Forum Moderators: Robert Charlton & goodroi

Message Too Old, No Replies

Old Trusted Sites No Longer As Good?

         

kidder

12:47 am on Dec 13, 2006 (gmt 0)

WebmasterWorld Senior Member 10+ Year Member



Like many webmasters on this board I have put years into my sites.

It seems right now far too easy for a new site to get into and on top of the serps. Things changed in June this year for us and many others here and have never been quite the same. We had age, trust and history on our side - somewhere this has been lost and I seriously think the "age" factor does not carry the weight it once did. Age / trust is the one thing a spammer can't their his hands on easily.

Google has the ability to roll in and roll out changes to the alog at will - why? Why do you need to have that level of control over something that should be about the same every time you use it?

It's taken me 4 years to build the our database of members Like many others I have paid my dues - Just a few months ago a spammer popped up with stolen content with a network of sites in our vertical. Although the grammar was clearly "outsourced" and the sites content fraudulent and stolen the design and layout was very good. Clean CSS html but clearly a spam network linking into MFA sites. I thought in a competitive area with lots of "aged" sites this guy was going to struggle to get rankings and the "age" factor would protect the good guys. Just a couple of weeks back google proved to me that I was wrong when I saw at least 5 of these sites in the top 10 results one after the other.

The only way I can think to combat this is to do the exact same thing. It's far too easy for the spammers when they don't have to build a solid trusted history.

Decius

2:25 am on Dec 13, 2006 (gmt 0)

10+ Year Member



I absolutely dissagree, and I believe your perspective is entirely incorrect based on a biased perspective. Age should have very little to do with its relevency on any particular subject.

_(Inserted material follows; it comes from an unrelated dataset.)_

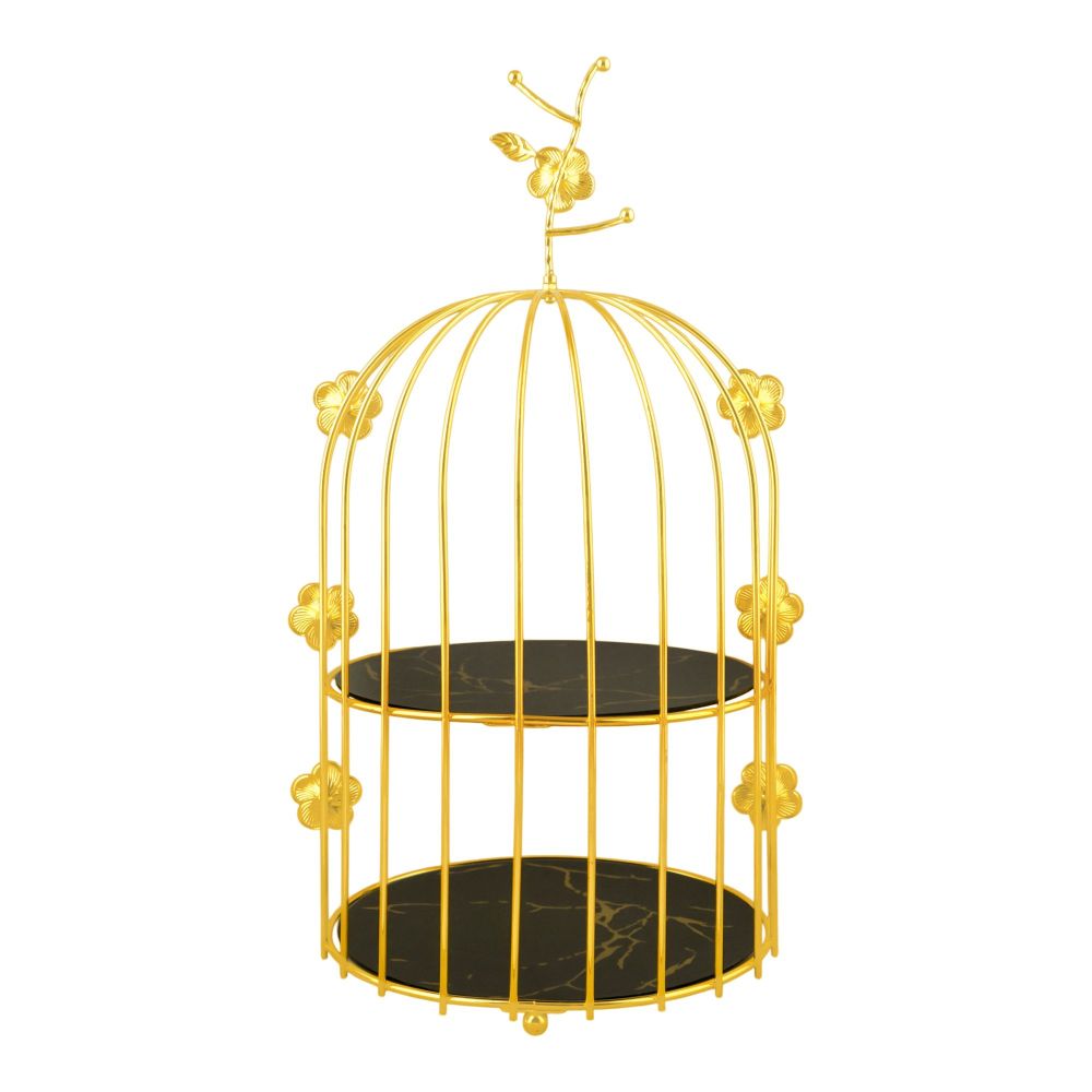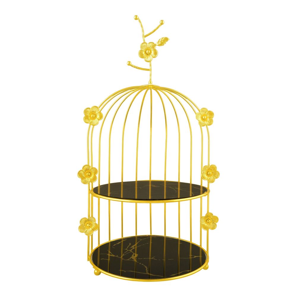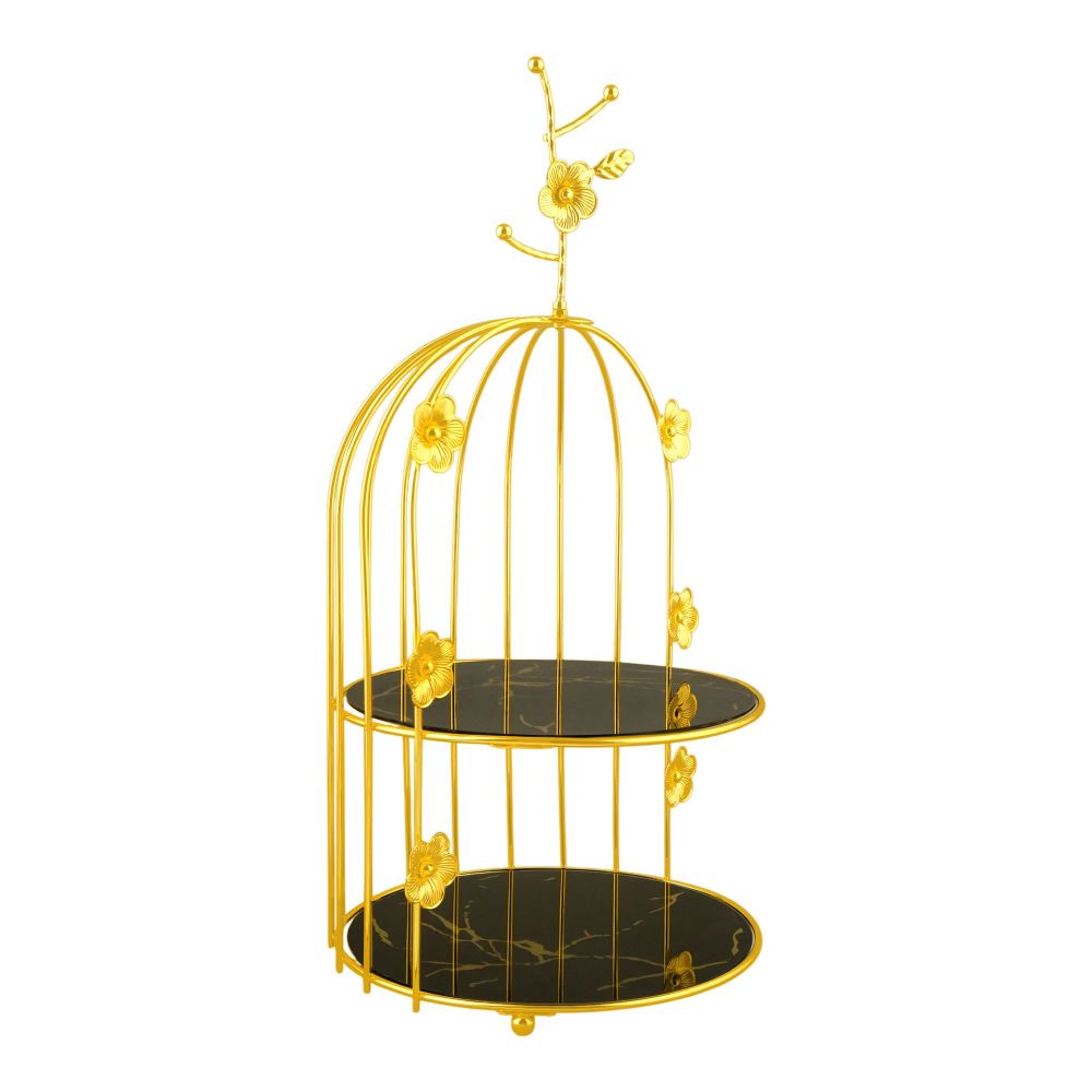 Bhoja 2-Tier Bird Cage Serving Tray, Decorative Dessert Stand for High Tea & Parties, Black & Golden Marble, JWG-019

New relevent information is more informative to users than old relevent information.

That isn't to say age should not contribute to the trust Google may put in a site, but with age comes a natural link buildup that in itself supports older sites without having to have an arbitrary boost because it is in fact older.

Google's largest mistake, in my opinion, is the heavy weight it places on older sites in comparison to newer ones.

Spammy results is a completely different issue (and it appears you have incorectly merged that complaint with something to do with age).

Your complaint should not be that there are newer sites. Your complaint should be that there are irrelevent spammy sites. Newer sites are good.

kidder

2:41 am on Dec 13, 2006 (gmt 0)

WebmasterWorld Senior Member 10+ Year Member



New information is good. Not the same information stolen and then served back into the serps via spam sites. Sorry but right now it is far to easy to spam and get paid.

Webmasters who work hard for years building legit sites need far better protection.

Decius

2:59 am on Dec 13, 2006 (gmt 0)

10+ Year Member



Webmasters who work hard for years building legit sites need far better protection.

"Webmasters who work hard" + "building legit sites need far better protection"

dataguy

3:37 am on Dec 13, 2006 (gmt 0)

WebmasterWorld Senior Member 10+ Year Member



Kidder... I totally agree. My site has been around for years and it hits every trust factor that I'm aware of. We have never done SEO on it because I felt like G recognized this site was an industry leader and was rewarding it with good rankings.

The site rankings have been in the dumper for 3 months now, and the explainations that I've received only indicate the G employees which talk to us don't know what they are talking about..... which is a funny parallel to what appears to be going on with the sites hit last week.

plasma

8:50 am on Dec 13, 2006 (gmt 0)

10+ Year Member



The OP wanted to say, that if there is a duplicate content issue, the oldest page should be the one with the highest rank amongst them, and I totally agree with that.

kidder

10:13 am on Dec 13, 2006 (gmt 0)

WebmasterWorld Senior Member 10+ Year Member



Yeah that is a valid poiint also and you would think not all that hard to manage from a programming angle.